Calderbank letter of 10 September 2007

  1. This letter has no significance in relation to costs, being an offer to make a s 96 modification application. The temporary vegetation screen was completely inadequate for the purposes of screening the cabins from the river. The judgment in Ko-veda No 2 did not have an outcome which equated to or was better than the outcome offered by the Respondent. The planting ordered in Ko-veda No 2 is quite different to that proposed in the Calderbank letter of 10 September 2007.
  2. At the time of the Calderbank letter of 10 September 2007 it was impossible to determine what order the Court would make. The Council was seeking compliance with the development consent, a reasonable position.

Letter of 3 March 2008

  1. The offer of 3 March 2008 included the Conzept VMP which sought to amend the vegetation plan for the whole of the site, that is, stages 3 and 4 were also included but were not the subject of the proceedings. The Botanica plan the Court ordered had different vegetation from the Conzept VMP, did not include the Canary Island palms and included riverfront planting and fire retardant trees in areas not included in the Conzept VMP in stage 1. In stage 2 the Botanica plan is markedly different to the Conzept plan and largely incorporated the Ecohort plan the subject of the cabins consent and the EIS referred to in condition 1, as intended in Ko-veda No 2 at [128] and [135]. The large number of plants in the Conzept VMP referred to by Ms Sonter is irrelevant. The Conzept VMP if implemented would result in the development consent being amended. No s 96 application to modify the consent was ever made.
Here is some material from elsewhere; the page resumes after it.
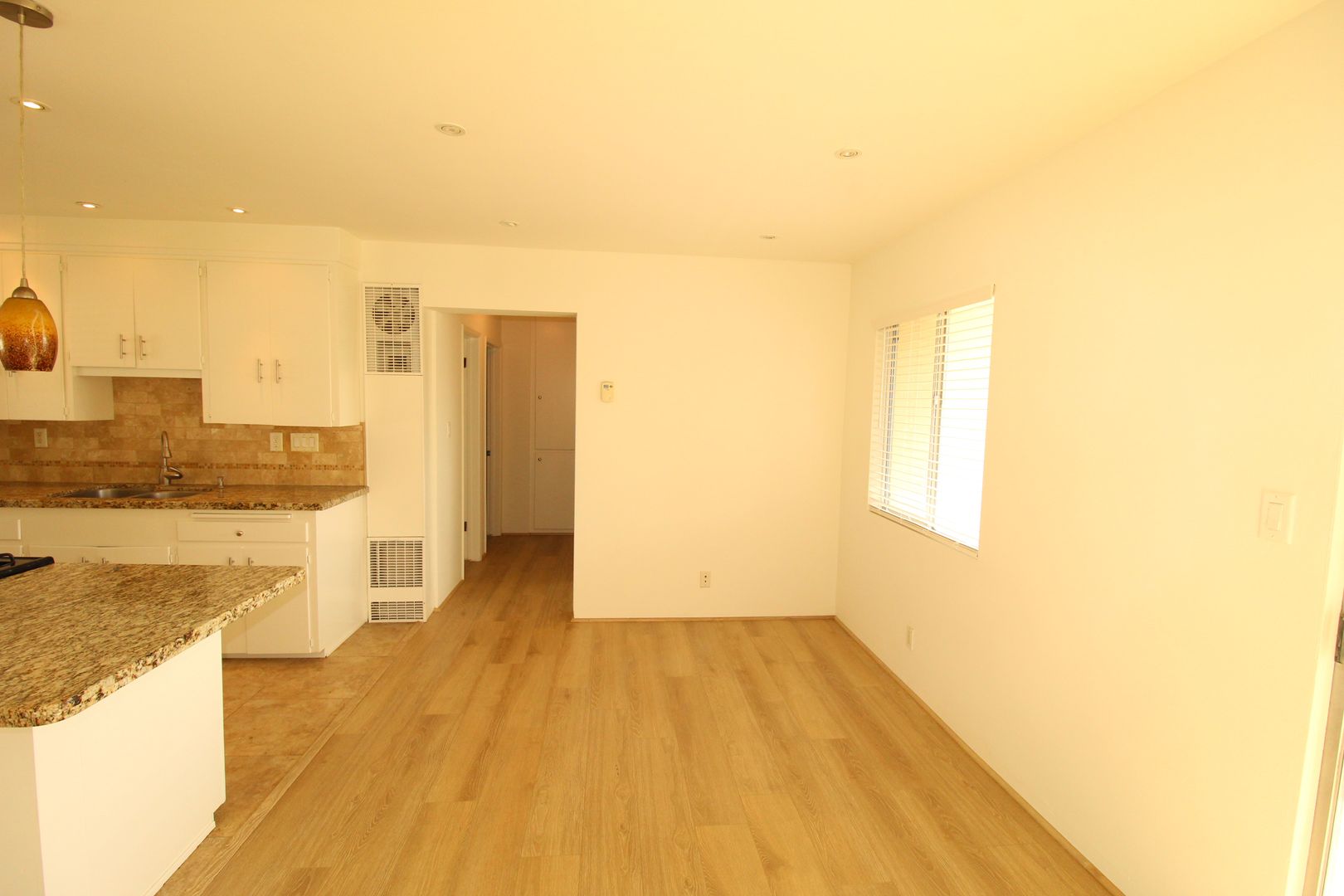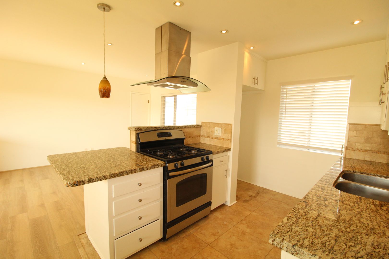 Updated Central Ventura Apartment in walking distance to Ventura College! This Upstairs 2 Bedroom 1 Bath Apartment has a large open floor plan featuring a remodeled kitchen with granite countertops, decorative back splash, freshly painted cabinetry and stainless steel gas stove provided. The large living room has newer laminate wood flooring, recessed lighting and gives you direct access to your private balcony. Other desirable upgrades include fresh interior paint, plush carpeting in the bedrooms and vinyl windows.

41019 of 2009 (nine cabins)

  1. The Council was reasonably entitled to expect the removal of the nine cabins. The Respondent had benefited economically from the sale of the cabins and charging rent, benefiting from what was effectively a modified consent.
  2. The Respondent raised a new issue at the outset of the hearing on discretion which required new evidence and submissions. In the discretionary hearing the Council was successful in obtaining consequential relief by way of final orders requiring the Respondent to remedy the fundamental breach of the cabins consent in relation to the failure to install landscaping in accordance with condition 1 of the consent (the EcoHort plan).
  3. The Court of Appeal recognised (Baulkham Hills Shire Council v Ko-veda Holiday Park Estate Ltd (No 2) [2009] NSWCA 310) at [20] that the Council was the successful party having established a breach so that costs would normally follow the event. The breaches found were of conditions 1, 6, 30 and 41 of the cabins consent. The Calderbank letter is not a reason to not award costs to the Council.

Finding

  1. Costs in Class 4 proceedings are determined under s 98 of the Civil Procedure Act 2005 (the CP Act) and UCPR r 42.1 to the effect that costs follow the event. Costs are compensatory, not punitive per Latoudis v Casey [1990] HCA 59; (1990) 170 CLR 534 at 566. I must determine the costs in proceedings 40625 of 2007 in Ko-veda No 1 and Ko-veda No 2, in proceedings 41094 of 2009 (nine cabins) in Ko-veda No 2 and of this costs motion. As can be seen in the chronology in par 3, the cabins consent was granted in August 2003, two cabins were installed in late 2006 and early 2007, Class 4 proceedings seeking their removal were commenced in July 2007, Ko-veda No 1 was delivered in July 2008, an appeal was lodged, nine cabins were installed in stage 1 (out of a total of 12 cabin sites in that stage) before the Court of Appeal delivered its judgments in June and October 2009. Additional proceedings 41019 of 2009 were commenced seeking removal of the nine cabins. Both proceedings were heard together and were the subject of Ko-veda No 2.
  2. In Ko-veda No 2 the Court was exercising its broad discretion to remedy breaches of the EP&A Act in light of the finding of breaches by the Court of Appeal. As can be detected from the lengthy judgment delivered after five hearing days there were a number of issues which required the Court’s consideration. The Court’s wide discretion to remedy breaches of the EP&A Act under s 124 has been considered in numerous cases including by Kirby P in ACR Trading Pty Ltd v Fat-Sel Pty Ltd (1987) 11 NSWLR 67 at 82 where his Honour held as follows:

Nevertheless, it is important to appreciate the wide scope and purpose of the discretion conferred by s 124 of the Act. Clearly, it is not a warrant to set at nought the complicated and sensitively balanced provisions of the legislation, substituting for the operation of the of the law laid down by Parliament, the personal opinions of the judge hearing the case. On the other hand, it would be equally erroneous to ignore the discretion or to give it an unduly restricted operation. It is just as much part of the structure and scheme of the Act, for the enforcement of planning law, as are the other parts.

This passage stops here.